▸ Activity
Would you copy the records below, exactly and only from their first line through the line containing "Nestled in the", without any pictures?

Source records
────

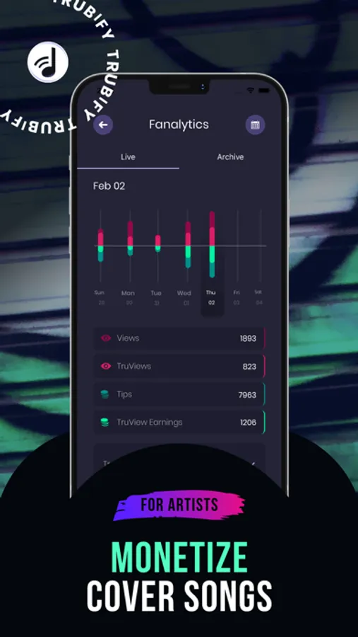 ARTISTS - Earn 2¢ per viewer on your livestreams. Earn 1¢ per viewer on your uploaded and archived videos. Receive tips, schedule Concerts, and build your loyal following. Earn money for cover songs! Trubify pays you more per stream than YouTube, Spotify, or any other app! The app is 100% FREE!
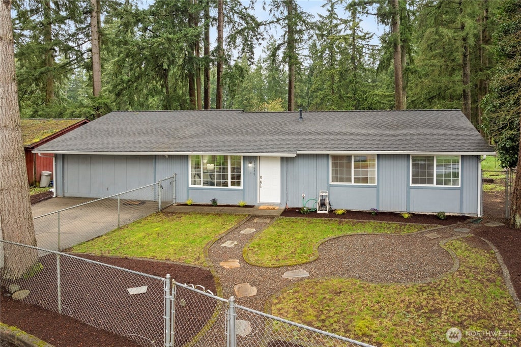 Nestled in the desirable Timberlane community, this inviting rambler blends comfort, style, and convenience. Fully fenced front and back yards, framed by towering evergreens, offer plenty of space for gardening, play, or unwinding on the spacious patio. Inside, fresh updates include new flooring, lighting and fixtures. The family room, with its cozy electric fireplace and beadboard ceiling, creates a welcoming gathering space that flows seamlessly outdoors. Both bathrooms have been refreshed with modern finishes, while a newer roof provides added peace of mind. Just steps from the clubhouse, playground, basketball court, and swimming pool. Ideally located between Covington and Maple Valley, with easy access to shopping, dining, and schools.
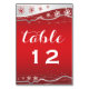 Red, silver grey, white snowflake winter wedding table number place card, featuring a waved band in silver grey with stars and elegant snowflakes on glowing gradient red background. Modern and contemporary yet suitable for a traditional wedding. This elegant, classy and stylish design is a perfect choice for winter, December or Christmas weddings.
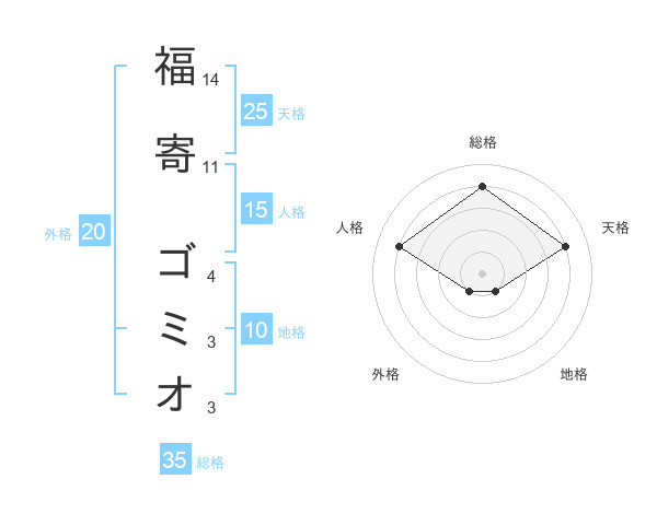 福寄 ゴミオさんの天格は25画の4点!
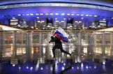 Жанровая фотография. Болельщик с флагом России бежит по площади перед стадионом "Санкт-Петербург Арена".

────

▸ Response area
 ARTISTS - Earn 2¢ per viewer on your livestreams. Earn 1¢ per viewer on your uploaded and archived videos. Receive tips, schedule Concerts, and build your loyal following. Earn money for cover songs! Trubify pays you more per stream than YouTube, Spotify, or any other app! The app is 100% FREE!
 Nestled in the desirable Timberlane community, this inviting rambler blends comfort, style, and convenience. Fully fenced front and back yards, framed by towering evergreens, offer plenty of space for gardening, play, or unwinding on the spacious patio. Inside, fresh updates include new flooring, lighting and fixtures. The family room, with its cozy electric fireplace and beadboard ceiling, creates a welcoming gathering space that flows seamlessly outdoors. Both bathrooms have been refreshed with modern finishes, while a newer roof provides added peace of mind. Just steps from the clubhouse, playground, basketball court, and swimming pool. Ideally located between Covington and Maple Valley, with easy access to shopping, dining, and schools.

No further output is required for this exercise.